The wife of Bill Ackman, a billionaire hedge fund manager who pushed for the resignation of Harvard’s president amid plagiarism claims, now faces similar plagiarism allegations.
Neri Oxman, a former MIT professor, admitted to plagiarising her own dissertation in an X post after Business Insider found instances of her lifting sentences from and neglecting to cite other researchers.
Dr Oxman wrote that she had received four paragraphs in question from the outlet regarding her 2010 paper. “For each of the four paragraphs in question, I properly credited the original source’s author(s) with references at the end of each of the subject paragraphs, and in the detailed bibliography end pages of the dissertation,” she wrote.
However, she added, “I did not place the subject language in quotation marks, which would be the proper approach for crediting the work. I regret and apologize for these errors.”
Following the initial accusations, Business Insider reported finding 28 additional examples of plagiarism in her work — including allegedly lifting passages from Wikipedia.
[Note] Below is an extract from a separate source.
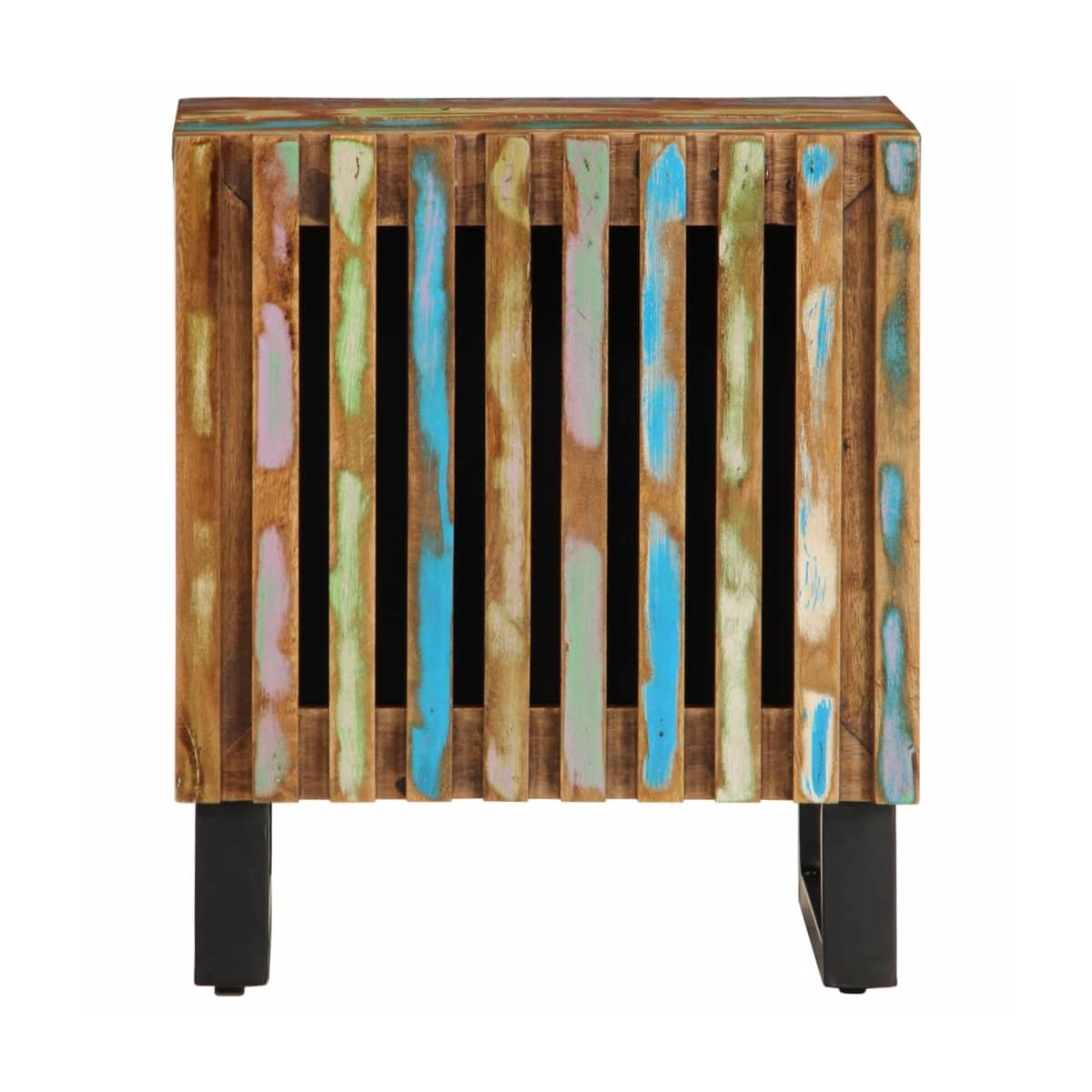Estas mesitas de noche de madera de estilo industrial serán un complemento decorativo y práctico para tu decoración. Madera maciza reciclada: La madera maciza reciclada consta de distintas maderas reutilizadas como la teca, la madera de mango, de pino y de haya. Dichos materiales proceden de antiguas construcciones como fábricas, cobertizos y barcos. Como cada pieza está hecha a mano, los colores variarán en cada producto.Amplio espacio de almacenamiento: La mesita de noche cuenta con un compartimento y proporciona un amplio espacio de almacenamiento para que puedas almacenar y exhibir tus libros, revistas y artículos decorativos, a la vez que mejora tu hogar.Patas estables y duraderas: Este armario está sostenido por patas resistentes, lo que garantiza estabilidad, seguridad y firmeza. Información útil:Cada artículo es único, con variaciones de color y veta. La entrega es aleatoria garantizando la exclusividad y la individualidad del producto.

The publication noted sections of her dissertation that appeared to be more or less taken verbatim from numerous Wikipedia entries without proper attribution.
The allegations arrived days after Claudine Gay stepped down after pressure from lawmakers and Mr Ackman, a Havard alum. Dr Gay had faced intense scrutiny following her appearance at a Congressional hearing regarding her response to antisemitism on campus in the wake of the Hamas attacks.
Mr Ackman suggested she was hired because she met the “DEI office’s criteria,” but his efforts ramped up following the discoveries that she plagiarised portions of her PhD dissertation.
Mr Ackman wrote a scathing 4,000-word post on X about the university’s diversity, equity and inclusion initiative. He also addressed the Harvard board’s response to the plagiarism allegations against her.
He wrote, “When the Board finally publicly acknowledged some of Gay’s plagiarism, it characterized the plagiarism as ‘unintentional’ and invented new euphemisms, i.e., ‘duplicative language’ to describe plagiarism, a belittling of academic integrity that has caused grave damage to Harvard’s academic standards and credibility.”
Following Business Insider’s report, the hedge fund CEO took to X to defend her through a series of questions.
He remarked on the timeline, “How can one defend oneself against an accusation of plagiarizing Wikipedia for a dissertation written 15 years ago in 2009?” Ms Gay’s dissertation was written in 1997.
Mr Ackman then asked about Wikipedia: “Isn’t the whole point of Wikipedia that it is a dynamic source of info that changes minute by minute based on edits and contributions from around the globe?”
He then asked whether the website is copyrighted, and added, “Has anyone (other than my wife) ever been accused of plagiarism based on using Wikipedia for a definition of a word?”
The Independent has reached out to Mr Ackman and Dr Oxman for comment.